Medieval Times seeks knights as companies struggle to hire

Medieval Era Dinner and Tournament

Knights jousting on horseback at Medieval Times in Scottsdale.

Small business owners said one of their toughest issues in February was finding help.

So what about a company that needs to hire athletic performers who can fight on horseback while working weekends and holidays?

That’s the challenge faced by a local business, which hosts a unique dinner theater tournament called Medieval Times.

But before new recruits can compete for the title of Defender of the Realm, they must start as a Squire.

Joseph Tome

Matthew Casey/KJZZ

Joseph Tome

Joseph Toma felt drawn to the recent casting call for budding performers by a chance to take part in mock battles on the sandy floor of a colorful oval-shaped arena surrounded by people seated at banquet tables .

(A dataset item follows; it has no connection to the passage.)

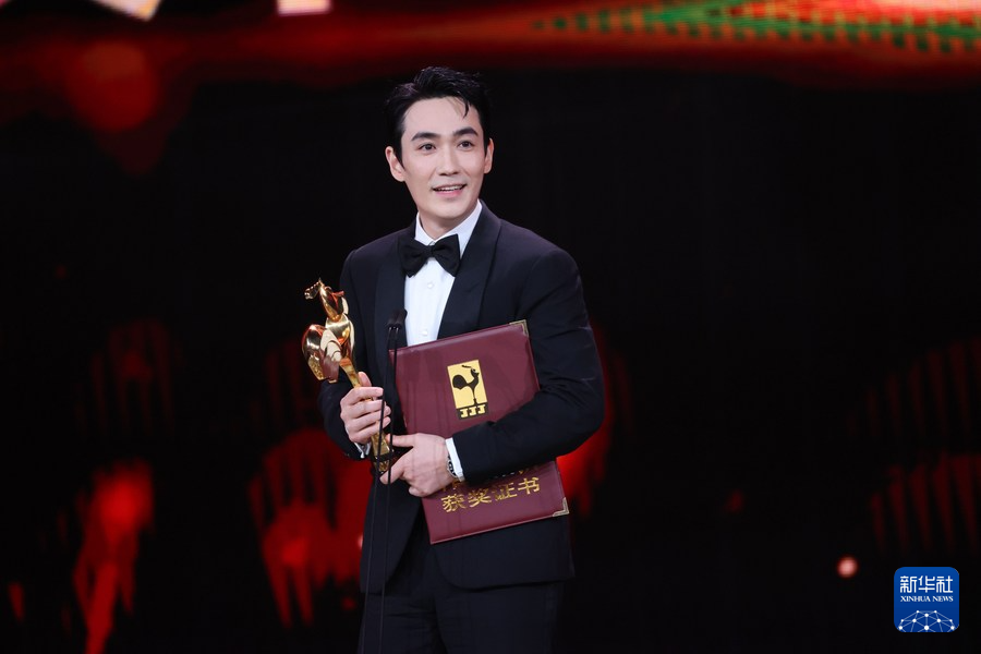 2022年11月12日,朱一龙凭借《人生大事》获得第35届中国电影金鸡奖最佳男主角奖。新华社发(曾德猛摄)

“Play every little boy’s childhood dream, which is medieval combat. Who doesn’t want to fight with swords, to be honest. It doesn’t matter how old you are,” he said.

Toma is 26 and looks the part. He’s built like a superhero and isn’t afraid to ride a horse.

“I grew up going to horse camp in the summers. I worked with horses all through high school,” said the fitness and health trainer who enjoys skydiving.

Experience in high-intensity situations means Toma isn’t fazed by the idea of ​​performing stunts in costume in front of 1,000 feasting people. He came to the cast interested in joining a nearly 50-year-old company that started in Spain.

But it would have to be the right fit.

“[I’m] not currently looking for a job. I currently do a lot of online training. Perfectly happy with what I’m doing there,” he said.

Knights in Medieval Scottsdale

Medieval Era Dinner and Tournament

Knights clash swords at Medieval Times.

Last month, nearly 180,000 leisure and hospitality workers were hired across the country, leading to a strong February jobs report.

But the National Federation of Independent Business still found that nearly half of surveyed owners had vacancies they couldn’t fill.

A place looking for help features feasting and sword fighting. Medieval Times has 10 locations in the United States and Canada. The castle on the Salt River Pima-Maricopa Indian Reservation had a bad time and opened months before the pandemic.

In 2022, companies are struggling to pay their workers enough to keep them.

Horse with trainer

Matthew Casey/KJZZ

A trainer drives a horse through the stable attached to Medieval Times

Up a large ramp from the Medieval Times arena are stables for the horses that perform in the show.

Most are Andalusian, a rare breed in the United States that was bred in the Middle Ages.

As Chief Knight, it’s Edward Maciejczyk’s job to train the animals and squires to play safely in the show. The orientation was different when he first wore armor.

“Back when I started, you just threw yourself into it. So your first day, you were already dressed. You went there and you were killed,” he said.

Now, new recruits must undergo extensive training for employment with tuition and gym membership reimbursement.

Maciejczyk compares certain stunts to skateboard tricks he used to do.

“You have to learn how to do shoulder rolls, flips. You have to learn how to do the acrobatic falls of our horses,” he said.

Medieval Times Scottsdale horse fight

Medieval Era Dinner and Tournament

Knights battle on horseback at Medieval Times in Scottsdale.

The key to riding safely is knowing how to stay calm when the crowd is roaring, your heart is racing and the horse is watching your body language to know how to react.

“We teach you how to motivate yourself, not how to get out of it,” Maciejczyk said.

From its casting, Medieval Times hoped to hire 8 to 10 artists.

Twenty people showed up for an interview.

Among them was Toma, a physical trainer and paratrooper with a passion for horses.

“I think jousting looks really fun to be quite honest. Best of all,” he said.

Scottsdale Medieval Castle

Medieval Era Dinner and Tournament

Exterior of Medieval Times Scottsdale Castle.

Toma said shortly after the casting call that Medieval Times had offered him a job.

But as much fun as he thought the sword fight would be, he turned it down. The salary offer was around $30,000 – a figure a Medieval Times spokesperson could not confirm.

Toma said he wouldn’t do it for less than what he earned as a bouncer. A job he recently left, leaving another position to be filled in the service sector.